*WORK ITEM*
The required output is the exact run of lines below that opens at the line with "Emerald Diamond U" and closes at the line with "TIMO Комплект Акриловая".

*RECORDED INFORMATION*
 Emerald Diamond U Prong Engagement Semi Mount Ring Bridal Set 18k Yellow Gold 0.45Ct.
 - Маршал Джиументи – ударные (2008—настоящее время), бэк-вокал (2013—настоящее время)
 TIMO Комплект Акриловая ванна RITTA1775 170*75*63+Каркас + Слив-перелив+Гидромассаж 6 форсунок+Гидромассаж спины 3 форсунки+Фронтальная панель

* * *

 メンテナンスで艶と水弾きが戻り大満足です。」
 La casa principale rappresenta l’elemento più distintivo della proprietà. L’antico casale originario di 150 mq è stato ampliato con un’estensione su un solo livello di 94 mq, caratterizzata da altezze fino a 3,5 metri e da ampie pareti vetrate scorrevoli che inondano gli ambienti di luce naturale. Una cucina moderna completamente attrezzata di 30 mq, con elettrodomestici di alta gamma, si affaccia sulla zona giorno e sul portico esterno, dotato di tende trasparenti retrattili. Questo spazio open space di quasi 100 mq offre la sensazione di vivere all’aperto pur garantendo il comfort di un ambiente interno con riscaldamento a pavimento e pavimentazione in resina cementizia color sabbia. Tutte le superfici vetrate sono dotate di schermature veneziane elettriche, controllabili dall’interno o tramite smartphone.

*ANSWER TO THIS PROBLEM*
 Emerald Diamond U Prong Engagement Semi Mount Ring Bridal Set 18k Yellow Gold 0.45Ct.
 - Маршал Джиументи – ударные (2008—настоящее время), бэк-вокал (2013—настоящее время)
 TIMO Комплект Акриловая ванна RITTA1775 170*75*63+Каркас + Слив-перелив+Гидромассаж 6 форсунок+Гидромассаж спины 3 форсунки+Фронтальная панель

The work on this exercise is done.